265430 Uncovering geographical clustering of childhood obesity and childhood obesity disparities using hierarchical spatial models

Wednesday, October 31, 2012 : 11:30 AM - 11:50 AM

Brisa N. Sanchez, PhD , Department of Biostatistics, University of Michigan, Ann Arbor, MI
Despite well documented race/ethnic disparities in childhood obesity, and studies suggesting differences in geographical clustering of obesity prevalence by race/ethnicity, no studies have rigorously tested if geographic patterns in obesity prevalence differ significantly by race/ethnicity owing, in part, to the lack of methods to do so. Significant race/ethnic differences in the geographical patterning of obesity trends can shed light into salient environmental causes of persisting disparities. We present multi-level logistic regression models with spatially-autocorrelated random effects to study the geographical patterning of obesity prevalence among children in the State of California, and to examine if geographical patterning in race-ethnic disparities in obesity rates exists.
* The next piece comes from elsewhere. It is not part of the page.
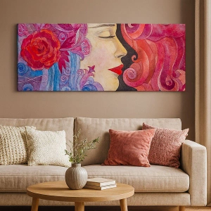 Canvastavla - Bild på duk - Färgglad profil av en kvinna i konstnärlig stil - 70x50cm - Jugendstilen lever - Modern väggdekoration för vardagsrum och sovrum ARTTOR

Although the models are complex, model results can be displayed using existing mapping methodologies and are therefore friendly to a wide variety of users.

Learning Areas:
Biostatistics, economics
Chronic disease management and prevention
Epidemiology
Public health or related research

Learning Objectives:
Describe the use of spatial models in quantifiying obesity disparities across geographical areas

Presenting author's disclosure statement:

Qualified on the content I am responsible for because: I have a PhD in biostatistics, and was the primary author of the work presented
Any relevant financial relationships? No

I agree to comply with the American Public Health Association Conflict of Interest and Commercial Support Guidelines, and to disclose to the participants any off-label or experimental uses of a commercial product or service discussed in my presentation.